PAT CROWLEY'S client is always right - or so the designer has to pretend. If there is a demand for pink when it should be black, it has to be pink ... with just a bit of black. A subtle game is played out in which both parties seem to get their way. Crowley is a diplomat. And she makes lovely clothes.
Judging by this season's mainly pale (but never pallid) collection, it looks as if she did the shapes and the clients chose the colours. Fluff, pinks and powder blues, soft greens and buttercup yellows are the very stuff of the carefree crowd, the ones with all the social engagements, it's very American.
And it is what Pat Crowley has gone for, with just the odd richer, darker aside.
But there is no compromise in fabric choice - except, of course, that they must all pack well. Travel is the great consideration. So there are uncrushable raw silks, fine wools with a gold thread, light cottons and, for evenings, the most beautiful murky coloured chiffon skirts with matching sequined tops. Understated it may be, but in its way it is completely right.

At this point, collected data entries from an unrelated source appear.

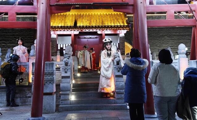 2月23日,在歷史悠久、素有“古建藝術寶庫”之稱的石家莊市正定古城,眾多年輕人穿著漢服古裝逛古城。穿古裝逛古城拍照打卡,已經成為今年新春年輕人喜愛國潮文化的一種潮流。石家莊市正定古城的古街古樓,古寺古塔、文化古跡瑰麗燦爛;華燈點亮的正定古城古韻、流光溢彩、熠熠生輝。穿著漢服古裝的眾多游客游覽古城,欣賞燈會,穿越時空體驗經典,沉浸式感受中華優(yōu)秀傳統(tǒng)文化的魅力。(記者 崔立卿)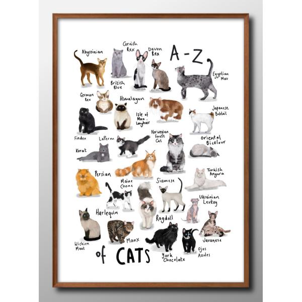 ポスター 猫 ネコ 図鑑 品種 CAT 北欧 絵画 インテリア A3サイズ アート 新築祝い ギフト 模様替え インテリア 管理ID:14462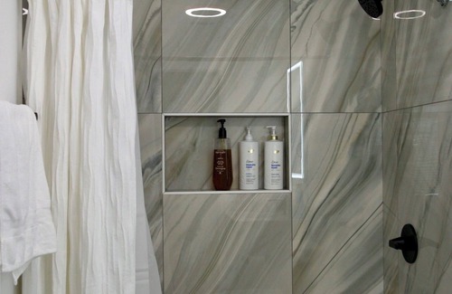 Bathrooms are stocked with basic toiletries and are equipped with Bluetooth-enabled speakers so that you can listen to your favorite music or podcast while taking a relaxing bath or shower.

Simple shapes are given a little lift, with white pique collars and cuffs; decorative buttons are dyed to match a sugary pink boucle jacket; or there is a hidden zip on a fly fronted fitted jacket - small details adding up to make for that couture look. And, unless Pat Crowley's clothes look couture - which they are - she has failed. These do. And she has succeeded.

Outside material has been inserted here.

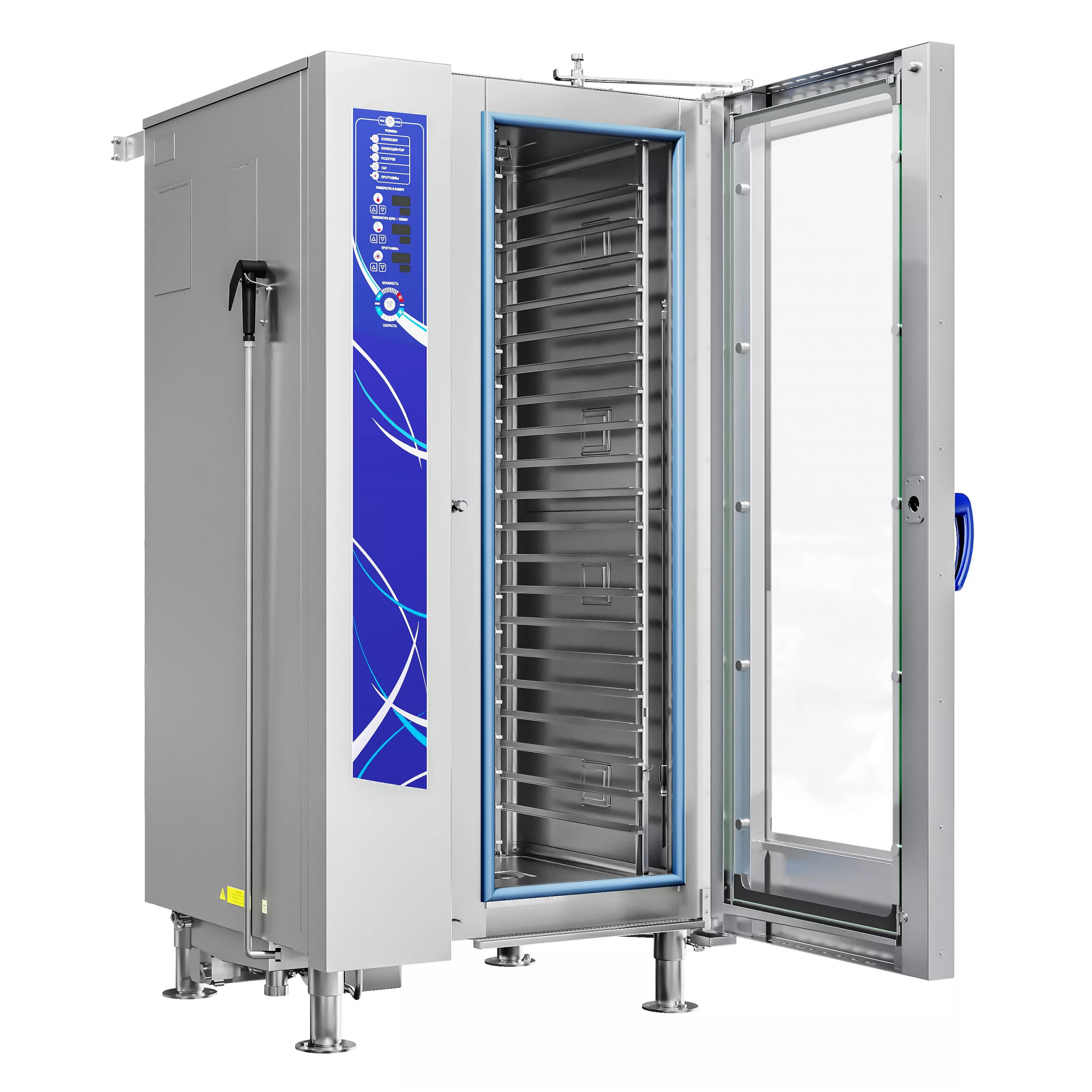 5 скоростей вентилятора, реверс. Режимы приготовления: конвекция (до 270°С), конвекция+пар (до 250°С), разогрев с паром (до 160°С), низкотемпературный пар (до 98°С), пар (100°С). Степень защиты камеры IPX5. Двойное остекление дверцы, скругленные углы камеры и открывающееся внутреннее стекло для удобства очистки. Двухходовой механизм открывания дверцы для защиты от пара, система закрытия дверцы «свободные руки». Лоток для сбора конденсата, система охлаждения слива, низкий уровень шума.

With travel in mind, take the powder blue boucle jacket seriously. It has great potential. Put it with a matching skirt, or a pair of ivory crepe trousers, or a silk dress, and it is already paying its way.
Evening clothes look uncontrived: soft separates - a sequined bodice with a bias cut skirt - in any length required. It has that couldn't-care-less kind of look, which is the one to aim at. It looks so easy in the hands of a wizard like Pat Crowley. But, of course, simple things are always the most artful. And Pat Crowley is very artful indeed.